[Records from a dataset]
==========
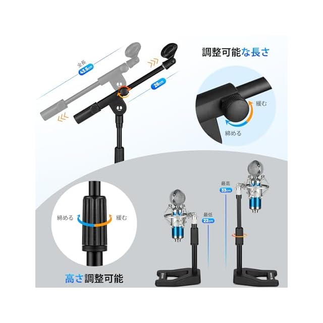 【高品質素材・ハンドヘルド設計】この最大耐荷重4kgのマイクスタンド中心柱の材質はより厚い高品質なスチール材です。さび、破損、変形などの心配はありません。頑丈で、耐久性が優れます。このアップグレードされたマイクスタンドは、伸縮ポールにハンドヘルド設計を採用し、回転させるだけで高さを調整できます、手間がかからず使いやすく、体験が向上します。
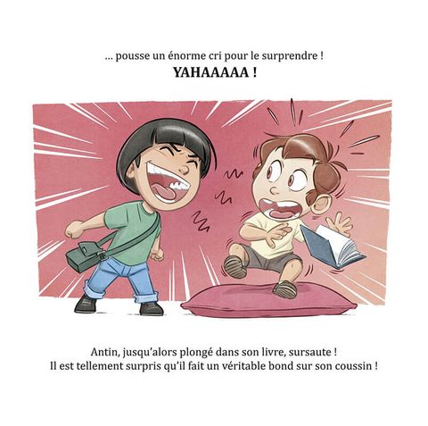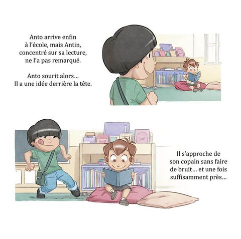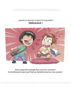 Ce matin-là, Antin arrive à l'école avant son grand copain, Anto. Quand celui-ci débarque, il décide de faire peur à son ami en poussant un énorme cri. Un peu fâché (et vexé d'avoir eu peur), Antin répond en prétendant qu'il est un gros insecte. Et c'est l'escalade entre les deux garnements qui s'inventent des identités toujours plus effrayantes : guêpe, serpent, ours, dragon... Quelle rigolade ! Mais le soir venu, chacun est un peu inquiet seul dans son lit. Antin n'hésite pas à en parler à ses parents qui le rassurent. Et même son grand frère, Louca, dit qu'il veillera sur lui avec ses peluches. Complètement rassuré, Antin s'endort paisiblement.
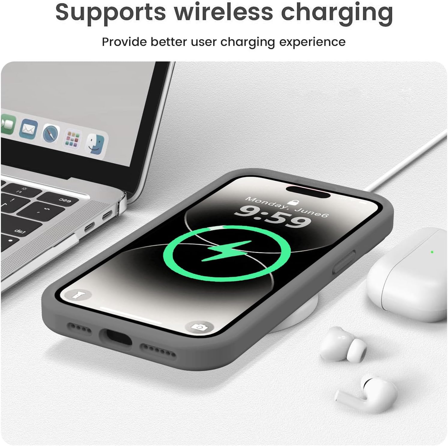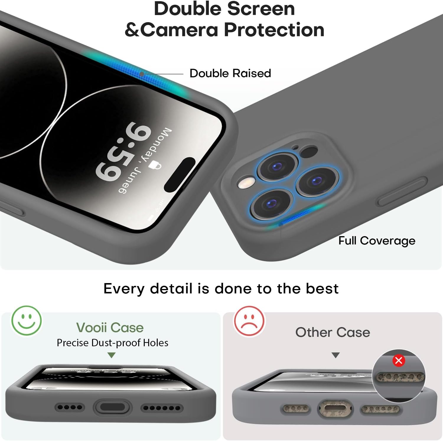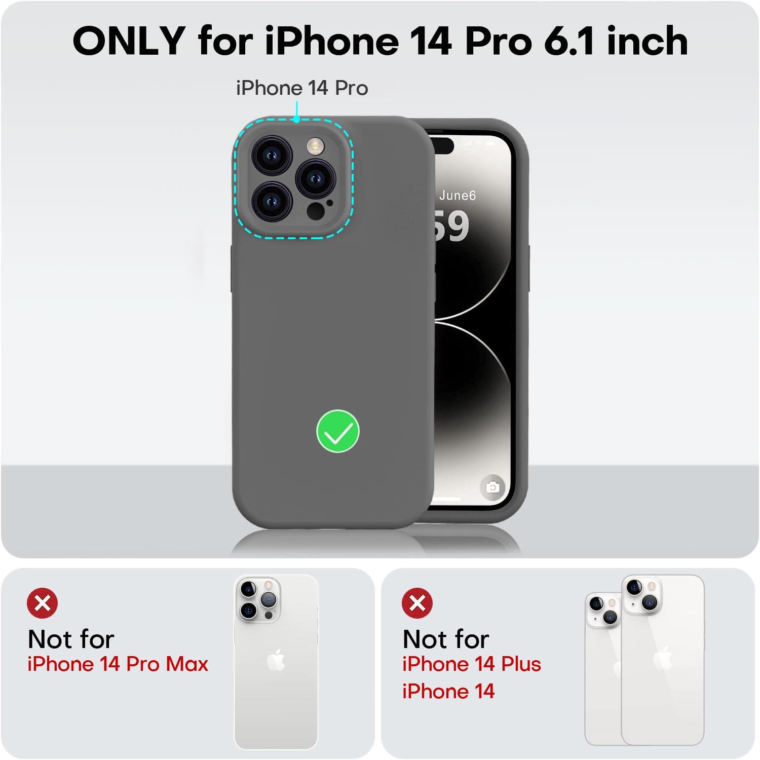כיסוי Vooii תואם לאייפון 14 פרו, סיליקון נוזלי לשדרוג [הגנה על המצלמה] [בטנה רכה נגד שריטות ממיקרופייבר] כיסוי טלפון עמיד בפני זעזועים לאייפון 14 פרו 6.1 אינץ' - אפור כהה
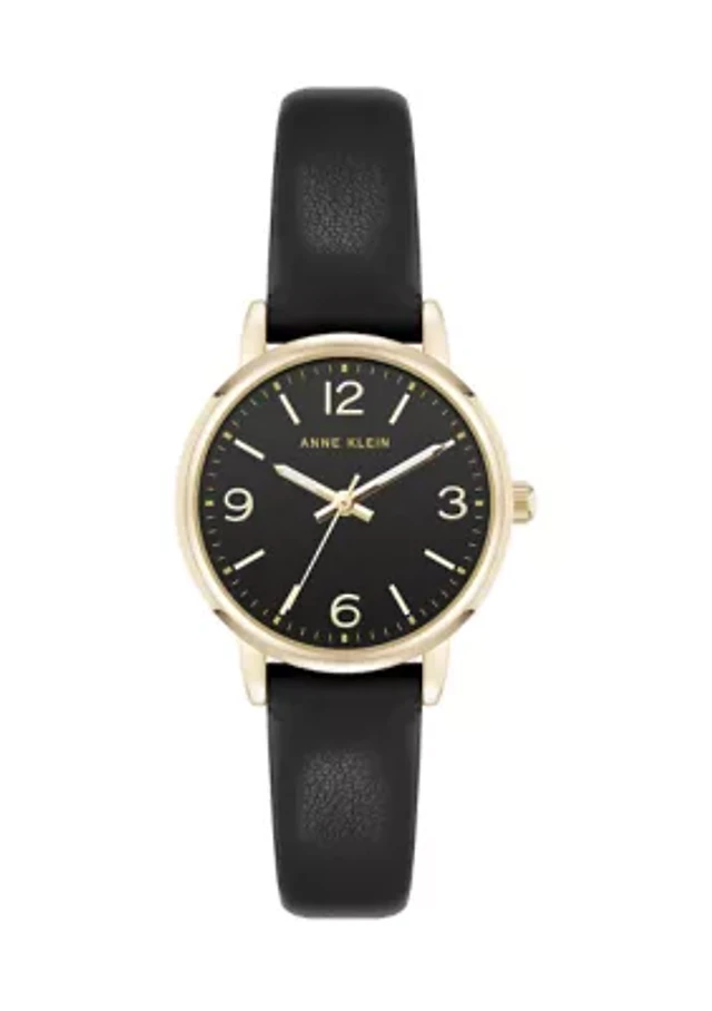 Rose Gold Tone Pyper 3 Hand Black Leather Watch
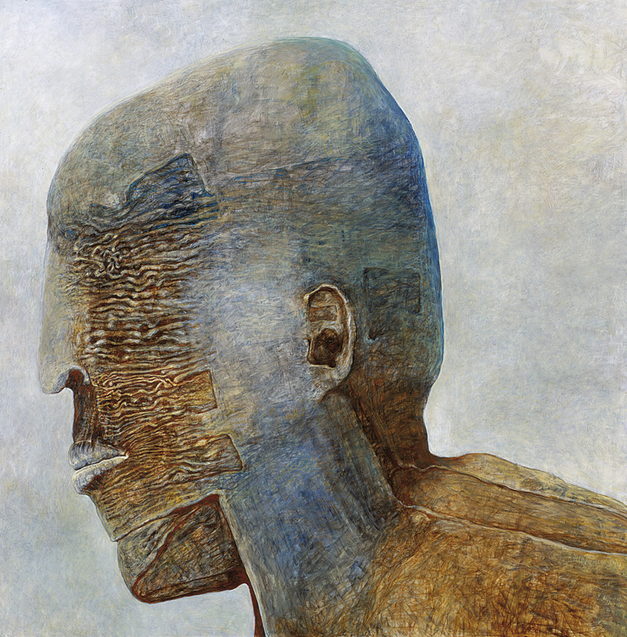 Zdzisław Beksiński (Sanok 24 II 1929 - Warszawa 21 II 2005) studiował w latach 1947-1952 na Wydziale Architektury Politechniki Krakowskiej. Był artystą samoukiem, który osiągnął niekwestionowaną pozycję w polskiej sztuce współczesnej, potwierdzoną obecnością jego prac na prestiżowych wystawach i w kolekcjach muzealnych. Początkowo zajmował się fotografią, którą interesował się od lat studenckich, po 1956 zyskując uznanie jako twórca fotogramów o estetyce opartej o efekty fakturowe. W latach 1958-1962 tworzył abstrakcyjne obrazy-reliefy o bogatej fakturze, głównie metalowe, będące odmianą malarstwa materii. Pod koniec tego okresu powstawały ażurowe formy o kształtach figur i pełnoplastyczne rzeźby w metalu. Kolejnym etapem jego twórczości były lata 1962-1974, kiedy poświęcał się głównie rysunkowi. W latach 60. rysował piórkiem i tuszem figuralne kompozycje odznaczające się karykaturalną deformacją postaci. Od końca lat 60. tworzył rysunki węglem i kredkami, będące monochromatyczną odmianą jego równoległej twórczości malarskiej. Od 1974 zajmował się niemal niepodzielnie malarstwem. Jego charakterystyczny styl bazował na perfekcji technicznej, której towarzyszyła niezwykłość wizji. Malował świat po katastrofie, naznaczony piętnem śmierci i rozpadu. Jego obrazy zaludniają postaci i stwory o ludzkich wprawdzie bądź zwierzęcych kształtach, lecz o cechach fantomów, automatów lub rozpadających się trucheł. Artysta nie nadawał swym obrazom i rysunkom tytułów (poza porządkującymi symbolami), akcentując w ten sposób swój brak zainteresowania dla literackiej strony przedstawień. Sam mówił, że malując całkowicie poddaje się wizji, „fotografuje“ ją. W ostatnich latach włączył do swego warsztatu artystycznego elektroniczne techniki generowania obrazu, które wykorzystywał do tworzenia komputerowych fotomontaży. Sztuka Beksińskiego, wielokrotnie wystawiana i omawiana, budzi skrajne emocje wśród znawców i publiczności.
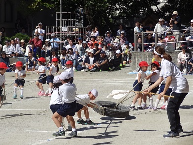 年中さんの団体競技。赤ネズミと白ネズミがドーナツに見立てた9個のタイヤを奪い合いました。素早さと力と最後まであきらめない気持ちが勝負を決めました。
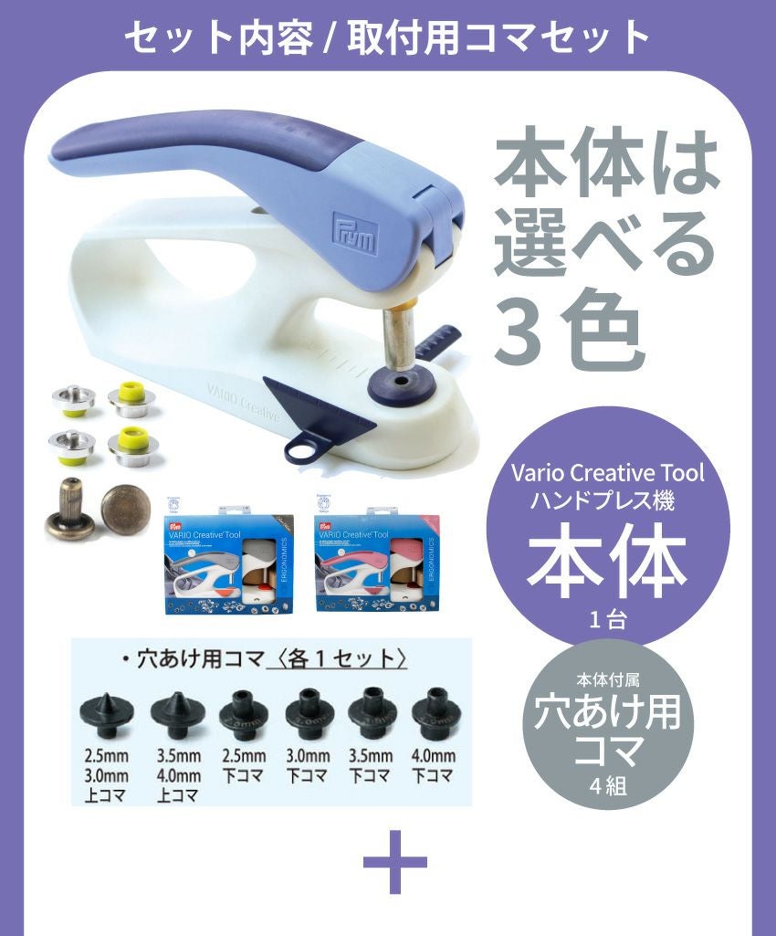 他の画像を見る PRM673131-BTSET-A ハンドプレス機 家庭用+片面ハトメ コマ&補充用 3点セット プラスナップ ハンドプレス プリム(Prym) VARIO Creative Tool 選べるプレス機 ¥ 27,500 税込 ¥ 26,950 税込 お気に入りに登録する
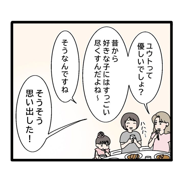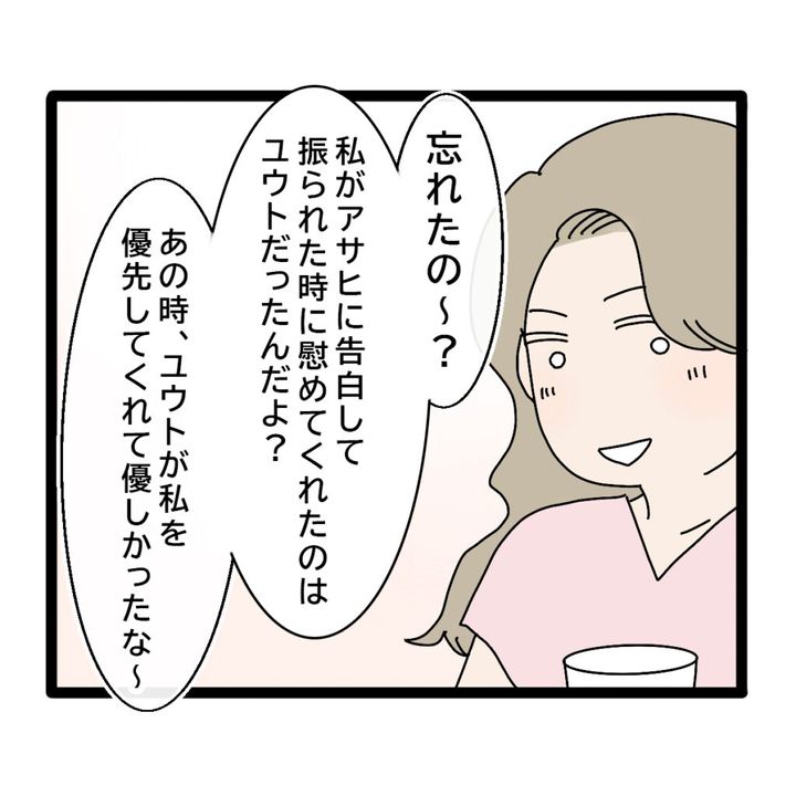 ユキさんは「忘れたの~?」といっそう声を大きくしてスルーしようとしたアサヒさんに畳みかけました。「私がアサヒに告白してフラれた時に慰めてくれたのはユウトだったんだよ?あの時、ユウトが私を優先してくれて優しかったな~。」
==========
Repeat the lines exactly as they stand, from the opening line of the data through the line with "Rose Gold Tone". Pictures stay out of the copy.

 【高品質素材・ハンドヘルド設計】この最大耐荷重4kgのマイクスタンド中心柱の材質はより厚い高品質なスチール材です。さび、破損、変形などの心配はありません。頑丈で、耐久性が優れます。このアップグレードされたマイクスタンドは、伸縮ポールにハンドヘルド設計を採用し、回転させるだけで高さを調整できます、手間がかからず使いやすく、体験が向上します。
 Ce matin-là, Antin arrive à l'école avant son grand copain, Anto. Quand celui-ci débarque, il décide de faire peur à son ami en poussant un énorme cri. Un peu fâché (et vexé d'avoir eu peur), Antin répond en prétendant qu'il est un gros insecte. Et c'est l'escalade entre les deux garnements qui s'inventent des identités toujours plus effrayantes : guêpe, serpent, ours, dragon... Quelle rigolade ! Mais le soir venu, chacun est un peu inquiet seul dans son lit. Antin n'hésite pas à en parler à ses parents qui le rassurent. Et même son grand frère, Louca, dit qu'il veillera sur lui avec ses peluches. Complètement rassuré, Antin s'endort paisiblement.
כיסוי Vooii תואם לאייפון 14 פרו, סיליקון נוזלי לשדרוג [הגנה על המצלמה] [בטנה רכה נגד שריטות ממיקרופייבר] כיסוי טלפון עמיד בפני זעזועים לאייפון 14 פרו 6.1 אינץ' - אפור כהה
 Rose Gold Tone Pyper 3 Hand Black Leather Watch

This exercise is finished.